Source data
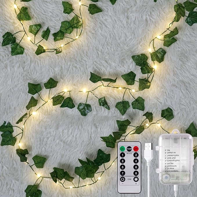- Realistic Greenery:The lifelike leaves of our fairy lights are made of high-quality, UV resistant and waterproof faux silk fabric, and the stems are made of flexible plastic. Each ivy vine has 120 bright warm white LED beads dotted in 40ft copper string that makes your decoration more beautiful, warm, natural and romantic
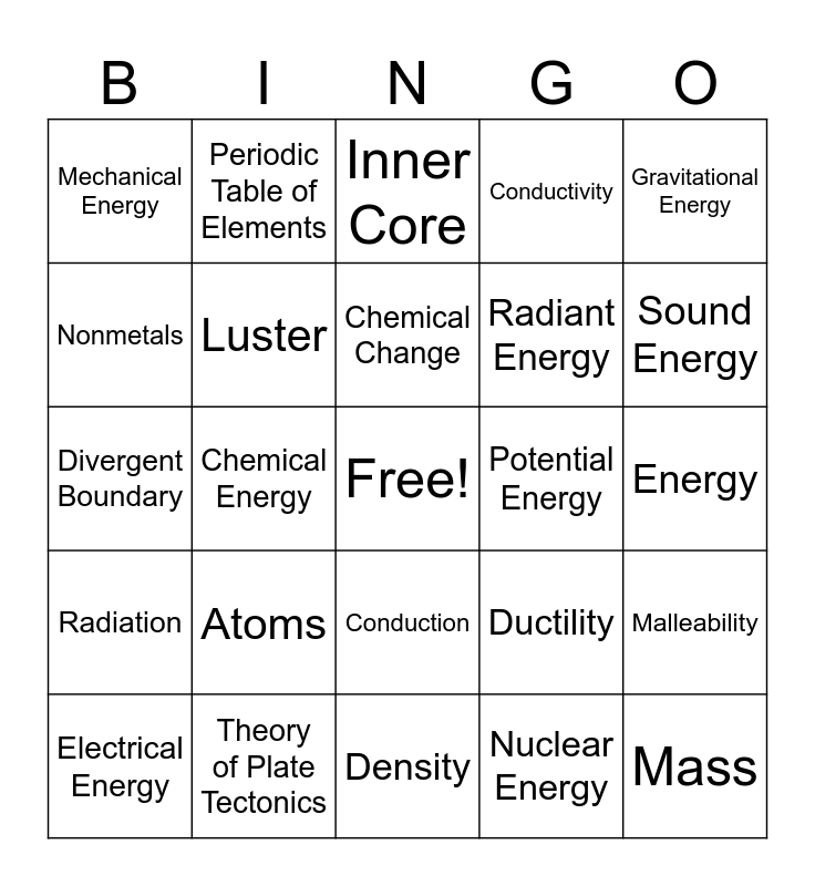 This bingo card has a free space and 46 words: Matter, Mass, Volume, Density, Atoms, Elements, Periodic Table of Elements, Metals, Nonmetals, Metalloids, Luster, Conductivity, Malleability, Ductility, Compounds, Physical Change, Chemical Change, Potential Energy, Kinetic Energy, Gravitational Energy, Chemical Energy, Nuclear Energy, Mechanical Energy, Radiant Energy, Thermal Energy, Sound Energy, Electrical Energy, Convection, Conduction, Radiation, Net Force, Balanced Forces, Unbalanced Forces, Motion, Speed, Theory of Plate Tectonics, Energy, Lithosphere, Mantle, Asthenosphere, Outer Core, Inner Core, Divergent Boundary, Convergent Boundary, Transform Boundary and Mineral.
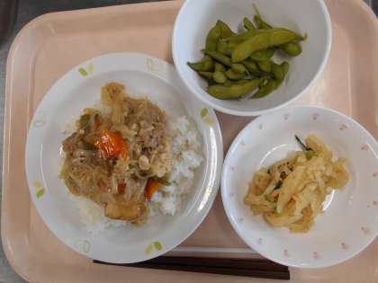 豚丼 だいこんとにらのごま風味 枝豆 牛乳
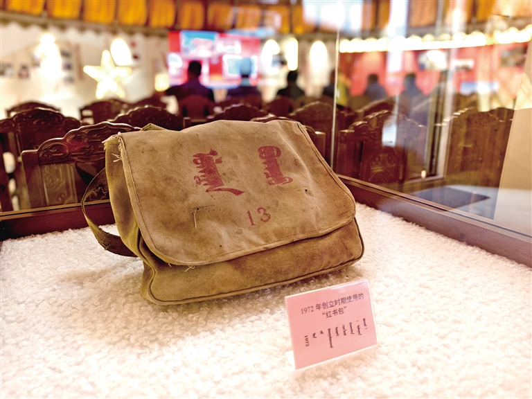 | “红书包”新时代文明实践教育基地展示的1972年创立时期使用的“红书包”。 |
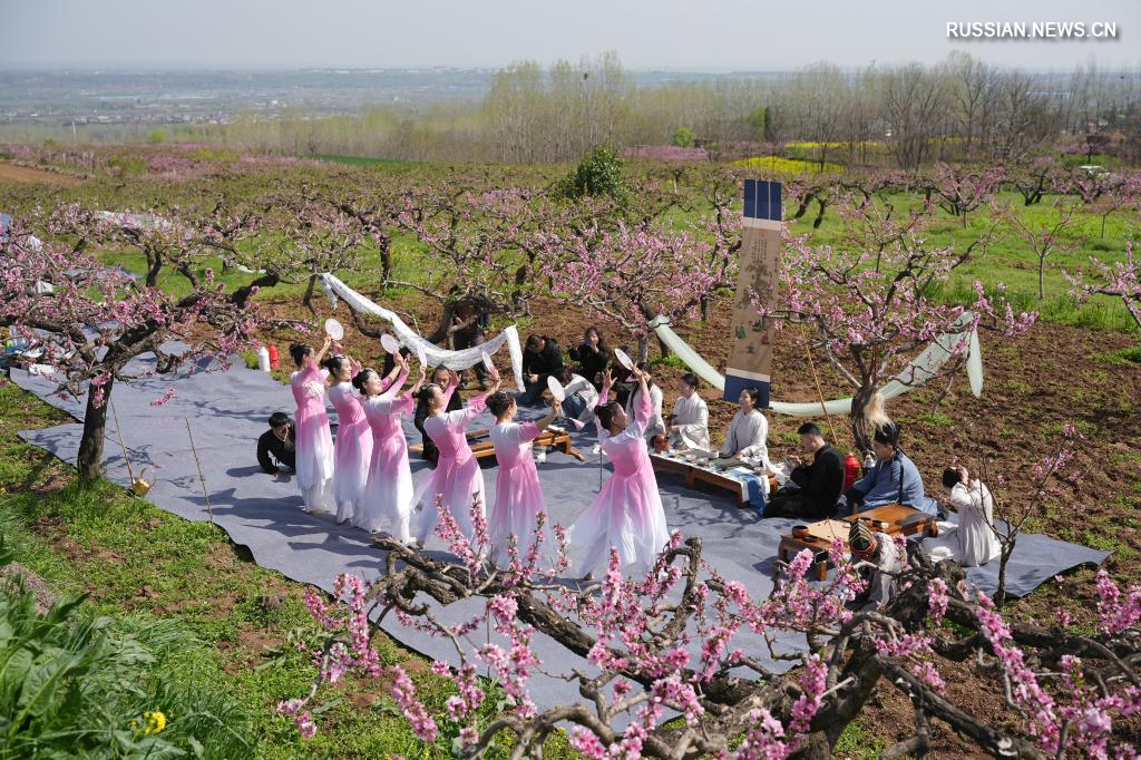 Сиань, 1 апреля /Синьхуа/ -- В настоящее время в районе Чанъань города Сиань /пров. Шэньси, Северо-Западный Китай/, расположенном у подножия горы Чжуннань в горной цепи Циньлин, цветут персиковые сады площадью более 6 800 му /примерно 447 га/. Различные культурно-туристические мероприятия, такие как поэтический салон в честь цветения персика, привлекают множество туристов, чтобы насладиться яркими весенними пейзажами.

**Work item**.
Your copy should run from the line that has "豚丼 だいこんとにらのごま風味 枝豆 牛乳" through the last line above, exactly, with both ends in and pictures out.

**Solution**.
 豚丼 だいこんとにらのごま風味 枝豆 牛乳
 | “红书包”新时代文明实践教育基地展示的1972年创立时期使用的“红书包”。 |
 Сиань, 1 апреля /Синьхуа/ -- В настоящее время в районе Чанъань города Сиань /пров. Шэньси, Северо-Западный Китай/, расположенном у подножия горы Чжуннань в горной цепи Циньлин, цветут персиковые сады площадью более 6 800 му /примерно 447 га/. Различные культурно-туристические мероприятия, такие как поэтический салон в честь цветения персика, привлекают множество туристов, чтобы насладиться яркими весенними пейзажами.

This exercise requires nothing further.